WHAT THE EXERCISE ASKS: Drop every image, then reproduce the data exactly as given.

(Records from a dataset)
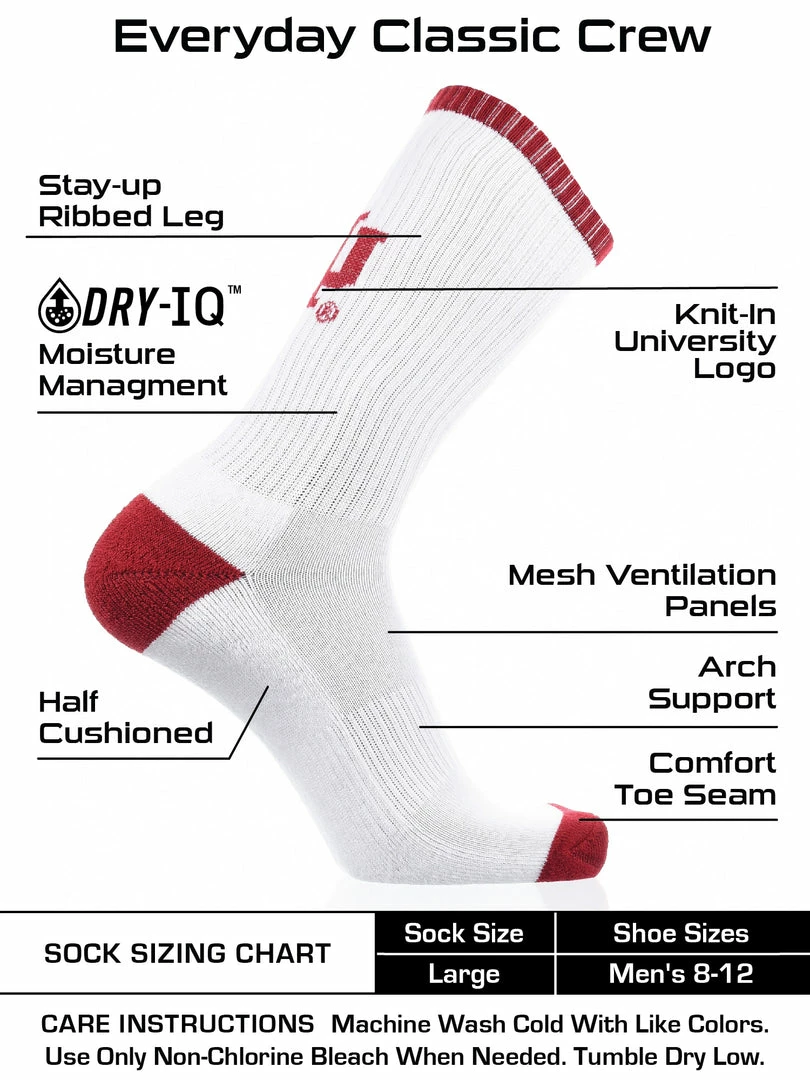 The Basic Crew White Socks offer timeless design, superior comfort all while showing your school pride. Perfect with sneakers and slides or even lace-ups and loafers, these socks bring versatility to your wardrobe no matter what the occasion. These high quality Indiana University Hoosier socks are an ideal gift for Father’s Day, birthdays, stocking stuffers or going back to school. TCK Basic Crew White Socks are made up of 94% Polyester, 4% Rubber, 2% Spandex.
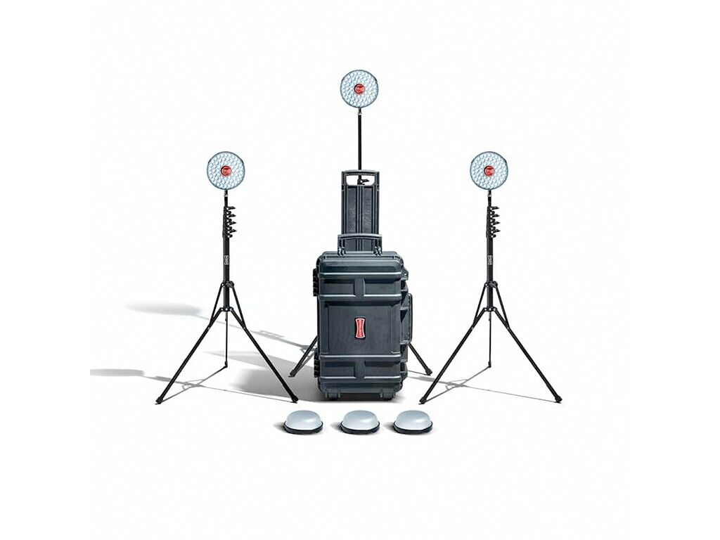 3 x NEO 3, 3 Diffusorkuppeln, 3 Batterien, 3 Lichtstative, 1 x Zweikanal-Schnellladegerät und Hartschalenkoffer
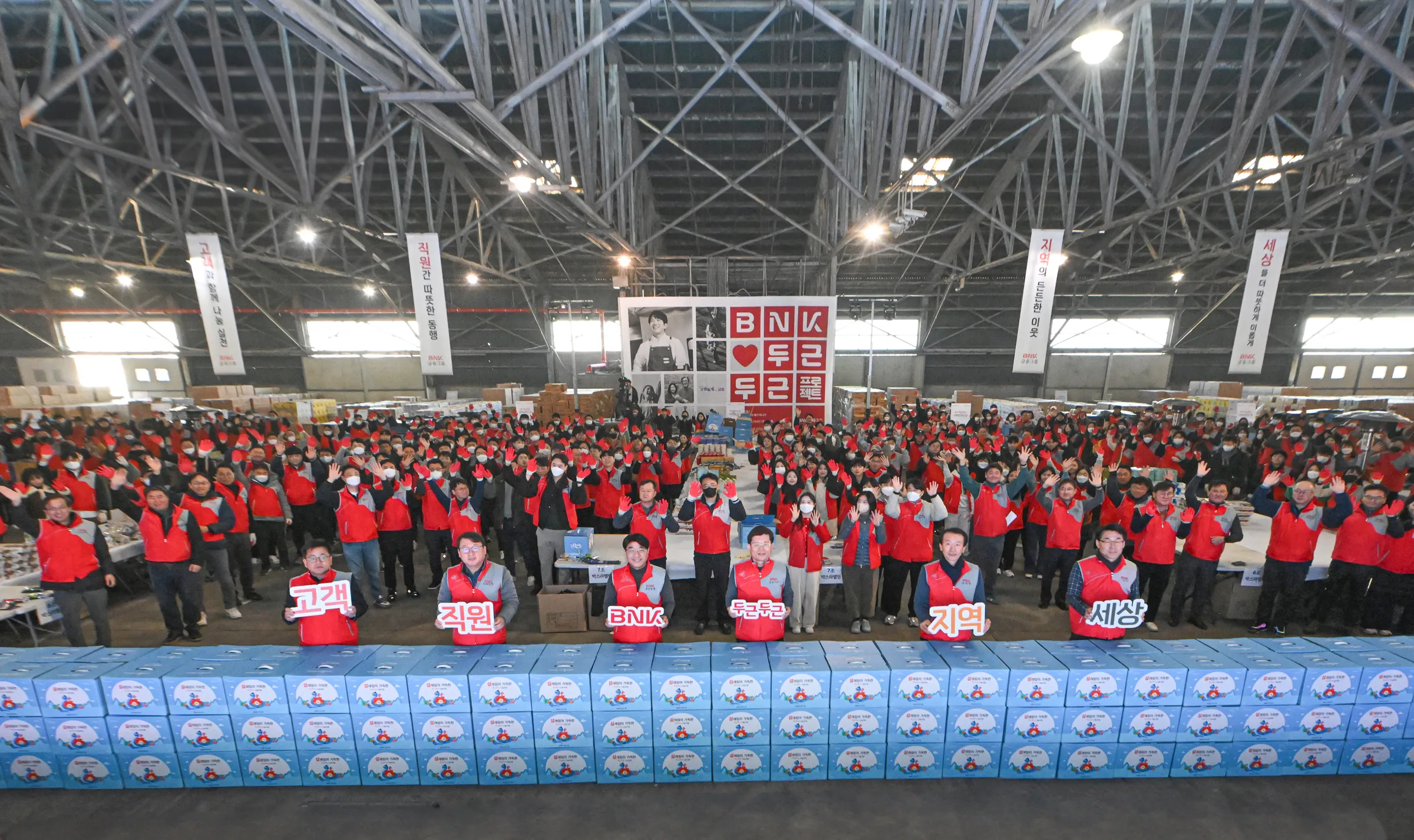 BNK금융그룹은 18일 부산 북항 제1부두 물류창고에서 그룹 경영진을 포함한 전 계열사 임직원이 참가한 가운데 새해 첫 번째 ‘BNK 사회공헌의 날’ 행사를 개최했다고 18일 밝혔다.
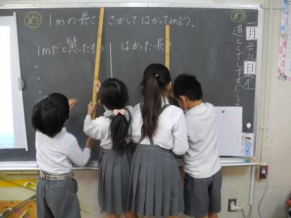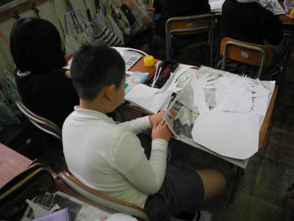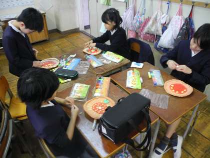 1月29日 3時間目 2年1組では紙版画の下書きをしていました。出来上がりが楽しみです。2年2組は算数科の授業で「長さ」の学習です。1mものさしを使って教室の中のいろいろな場所の長さを測りました。3年2組は紙粘土でピザを作っていました。おいしそうに出来ました。
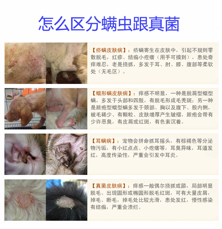 大部分的真菌症状为圆型红斑,明显脱毛,大量皮屑,痒感一般,偶尔挠抓或舔咬。
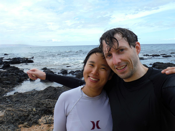 Here we are, out of the water. You can see the ocean behind us where we were snorkeling—notice how rough the water is. We were quite tired when we were finished.

RESULT BELOW:
 The Basic Crew White Socks offer timeless design, superior comfort all while showing your school pride. Perfect with sneakers and slides or even lace-ups and loafers, these socks bring versatility to your wardrobe no matter what the occasion. These high quality Indiana University Hoosier socks are an ideal gift for Father’s Day, birthdays, stocking stuffers or going back to school. TCK Basic Crew White Socks are made up of 94% Polyester, 4% Rubber, 2% Spandex.
 3 x NEO 3, 3 Diffusorkuppeln, 3 Batterien, 3 Lichtstative, 1 x Zweikanal-Schnellladegerät und Hartschalenkoffer
 BNK금융그룹은 18일 부산 북항 제1부두 물류창고에서 그룹 경영진을 포함한 전 계열사 임직원이 참가한 가운데 새해 첫 번째 ‘BNK 사회공헌의 날’ 행사를 개최했다고 18일 밝혔다.
 1月29日 3時間目 2年1組では紙版画の下書きをしていました。出来上がりが楽しみです。2年2組は算数科の授業で「長さ」の学習です。1mものさしを使って教室の中のいろいろな場所の長さを測りました。3年2組は紙粘土でピザを作っていました。おいしそうに出来ました。
 大部分的真菌症状为圆型红斑,明显脱毛,大量皮屑,痒感一般,偶尔挠抓或舔咬。
 Here we are, out of the water. You can see the ocean behind us where we were snorkeling—notice how rough the water is. We were quite tired when we were finished.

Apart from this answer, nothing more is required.